Year in review: New election system, new school make news in high school district


In 2016, the biggest news for the Sequoia Union High School District may have been the decision to divide the 19-square-mile district into five voting areas -- one for each board seat -- to encourage people of color to run for seats on the board.

Residents of East Palo Alto and North Fair Oaks now have a voting area of their own. Candidates who live there can come forward and win or lose based on the vote tally in those mostly Hispanic communities.

School board candidates in the Sequoia district have been running district-wide, meaning that each voter could cast a ballot to fill all five board seats.

When the five voting areas are created, each voter will cast a ballot to elect just one board member -- the one residing in the same area as that voter.

Creating voting areas meets the requirements of the state's Voting Rights Act and reduces the likelihood of a lawsuit that had been threatened by the Mexican American Legal Defense and Educational Fund.

The lawsuit threat reflected complaints that Hispanic residents are not represented on the board despite comprising 30 percent of the district's population, according to census data.

Of the five current board members, all are white and none lives in a Hispanic community.

New school

While ground has not yet broken at 150 Jefferson Drive, site of a new 400-student magnet public high school focusing on technology, engineering and design, there has been other news for this site in the light-industrial zone of Menlo Park (east of U. S. 101).

The Sequoia board approved the project's environmental impact report in October. The school is likely to generate more traffic at nearby intersections, but the impact report lists several mitigation measures, including a commitment by the district to implement a travel-demand-management plan, and to participate in Menlo Park's transportation-impact-fee program.

The school will be unique in its combination of technical focus, community college teachers on staff working part time, and mentors from nearby high-tech corporations and startups, an aspect of a Linked Learning curriculum.

Plans include 15 classrooms and five labs: a maker-space lab, a design lab and traditional labs for biology, chemistry and physics. This confluence of talent and opportunity may give students the potential to graduate from high school with the freshman year of college complete, and with early exposure to Silicon Valley corporate culture.

The school does not yet have a name, but district Superintendent Jim Lianides has been urging district Chief Facilities Officer Matthew Zito to complete that task. So the board recently heard a "branding and marketing" presentation by Krista Skehan, founder of Personify, a Menlo Park company.
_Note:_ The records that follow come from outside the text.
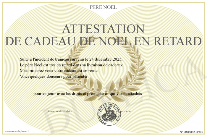 Envoyez par email votre Attestation de cadeau de noel en retard personalisé
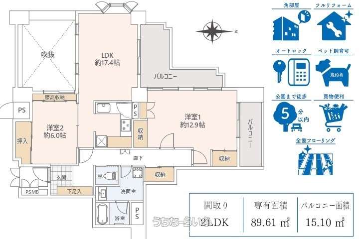 | 間取り | 2LDK ( 洋12.9 洋6 LDK17.4) | ||
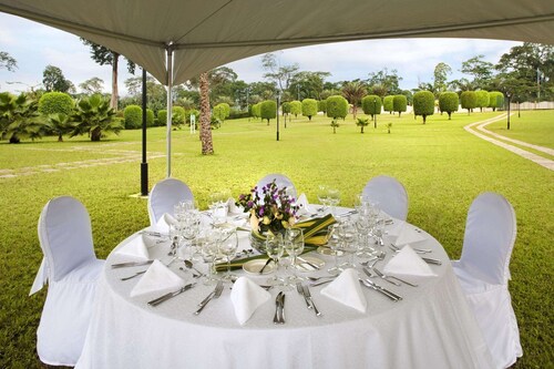 マラボに位置するこのホテルは、マラボ シティ ホール (行政官庁)、赤道ギニア国立大学 (UNGE)、国際スタジアムから 10 km 圏内です。マラボ大聖堂まで 6.8 km です。 レストラン、屋外プール、および2 か所のバー / ラウンジがある禁煙のホテルです。共用エリアでの WiFi (無料)、バレーパーキング (無料)、および空港シャトルサービス (無料)もご利用いただけます。その他に、敷地内にはフィットネスクラブ (スタッフ常駐)、プールサイドバー、および面の屋外テニスコートがあります。 全 187 室の客室には無料 WiFi および有線インターネットアクセス (無料) のほか、24 時間対応のルームサービスならびに液晶テレビ (DVD プレーヤー付き) が備わっています。ミニバー、個別の浴槽とシャワー、およびコーヒー メーカーをご利用いただけます。
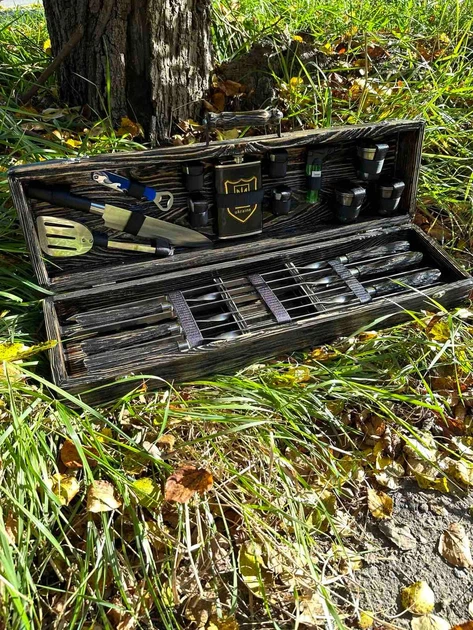 Подарунковий набір Каспій Кейс Стіл Трансформер Для Гриля Пікніка Мангала N196 23 предметів
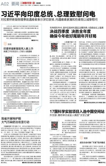 10月31日,国家主席习近平就印度古吉拉特邦拉索桥断裂倒塌事故,造成重大人员伤亡向印度总统穆尔穆、总理莫迪致慰问电。
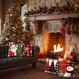 Christmas Throw Pillow Covers 18x18 Inch Set of 4, Square Winter Christmas Holiday Decorative Cushion Case for Sofa Living Room
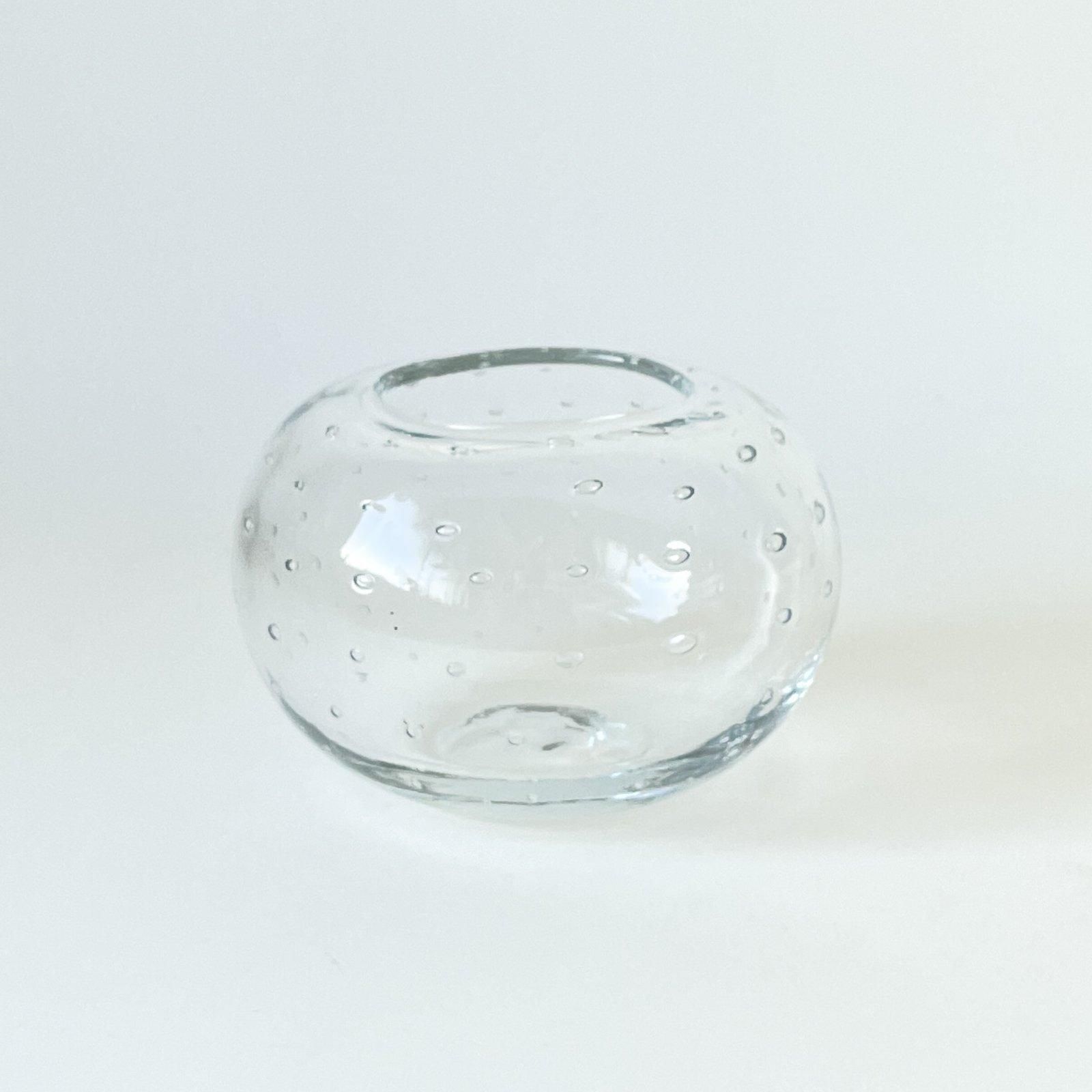 スウェーデンで見つけたグラス製のフラワーベースです。ハンドメイドで作られたベースは、気泡を散りばめながら球体に仕上げた魅力的な作品です。小ぶりな花瓶として使う他、そのまま置いておくだけで雰囲気があります。
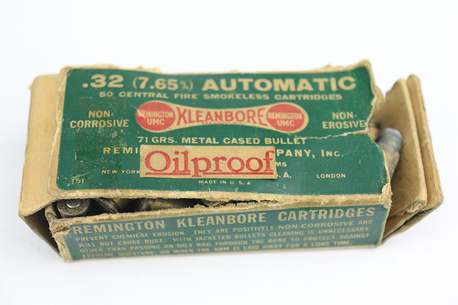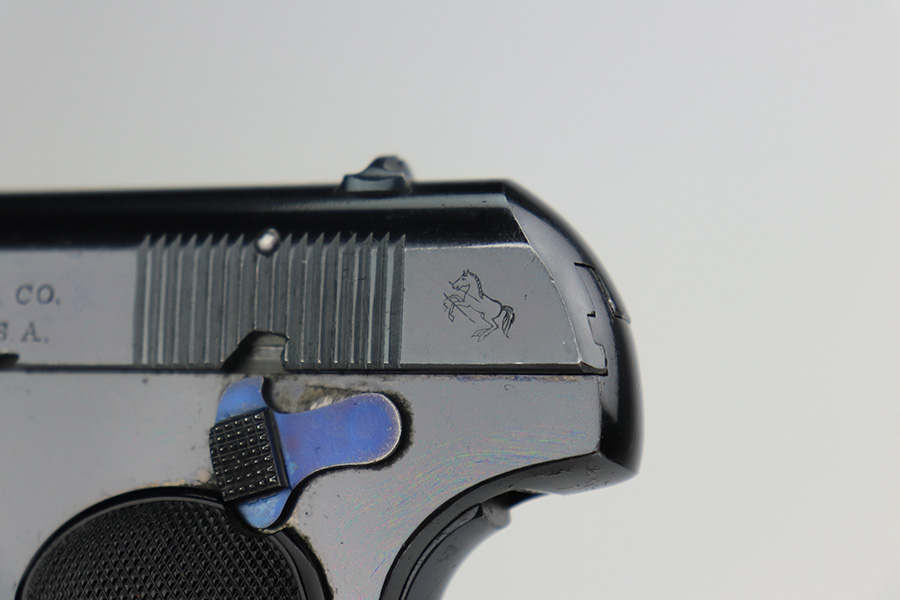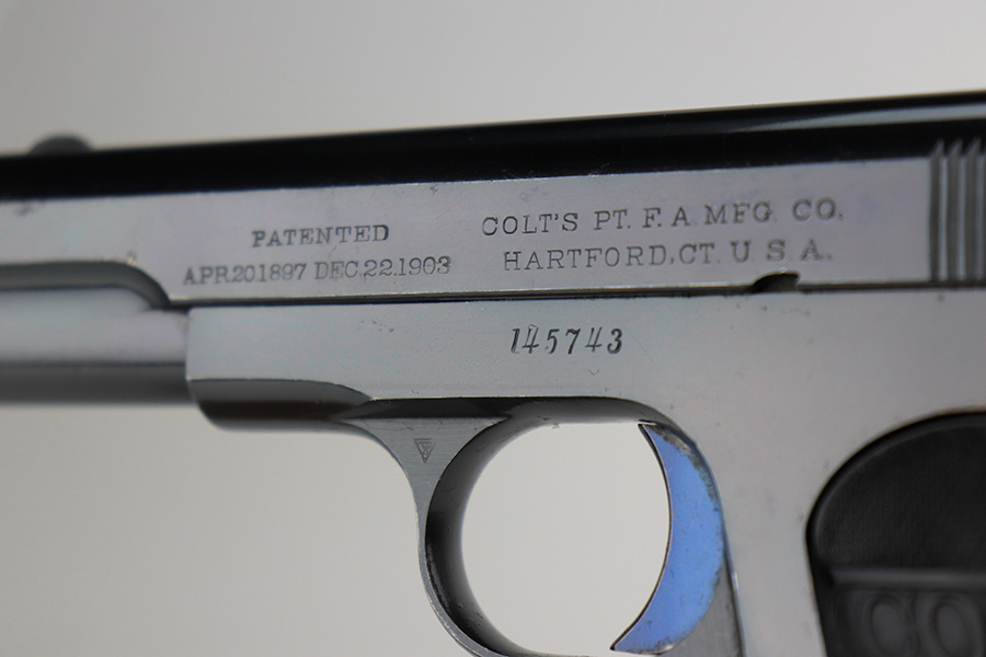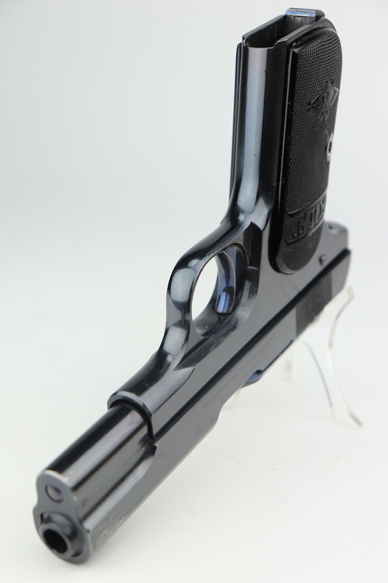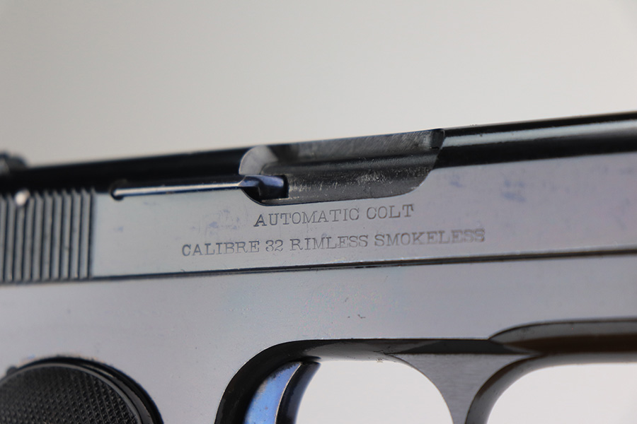 4/1/22 – This is a beautiful, fairly early Colt M1903 from 1913. It has about 96% of the original blue remaining, with nearly all of the wear on either side of the slide toward the muzzle. The right side does have some surface scratches in this area. Excellent fire blue on the safety, extractor and trigger. Excellent Colt hard rubber grips with no chips or cracks. Listing includes a total of two unmarked magazines. Also included is a box of vintage ammo and a display case of some sort.
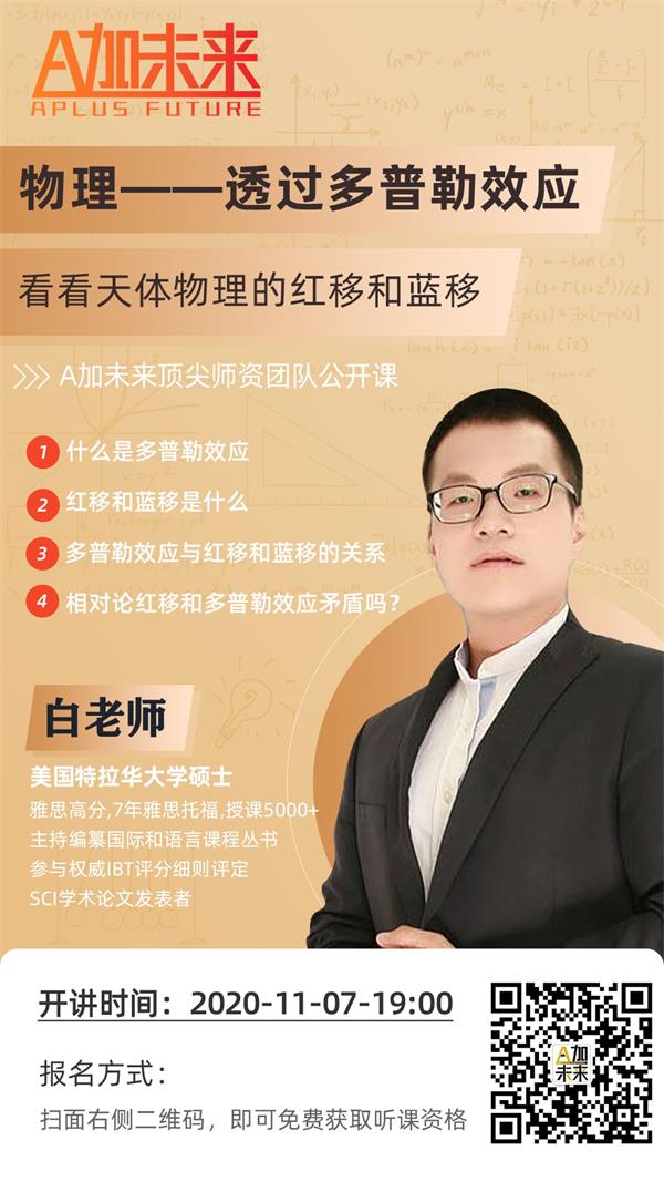 如果你想了解更多關(guān)于“多普勒效應(yīng)”的知識(shí)點(diǎn),本周六就來(lái)A加未來(lái)線上直播課,資深的Alevel物理老師將帶你更深度了解一下多普勒效應(yīng)的“魅力所在”。

The presentation proposed 21 name ideas in three categories: conservative, middle-ground and creative.

From the creative category, there is LEO, or Linked Educational Opportunity. It comes with a tagline: "Say hello to LEO." In two other creative names, the word "link" figures prominently: Combine "link" and IQ to get LINQ, or combine "link" and "unique" to arrive at LINQUE.

The suggested middle-ground name Collab is a mashup of "collaborative" and "college focused." Also in this category: Root, OneValley, Monument and TIDE (Technology, Innovation, Design, Engineering).

Of the four conservative names, the word "bay" starts three of them: Baytech, Bayshore and Bayfront. The fourth name is Newbridge.

As a group, the board did not respond positively to any of the names, but some members put in a few good words for TIDE, including the ease with which it would fit into a school cheer, as "Roll Tide!" does for the University of Alabama's Crimson Tide.

Election protest

In a departure from most presidential elections, the victory of Donald Trump on Nov. 8 elicited an outpouring of protest at both Woodside and Menlo-Atherton high schools.

The protest at Woodside stayed on campus. Students in the central quad began with an anti-Trump rally, but it morphed into "a unity thing," one student told the Almanac. "It was pretty cool to see, actually," he said.

At M-A, protesting students flooded onto Middlefield Road in waves, peacefully walking and running, carrying anti-Trump signs and banners, and bantering and shouting as they traversed Oak Grove Avenue to El Camino Real to Palo Alto and back to school via Willow Road.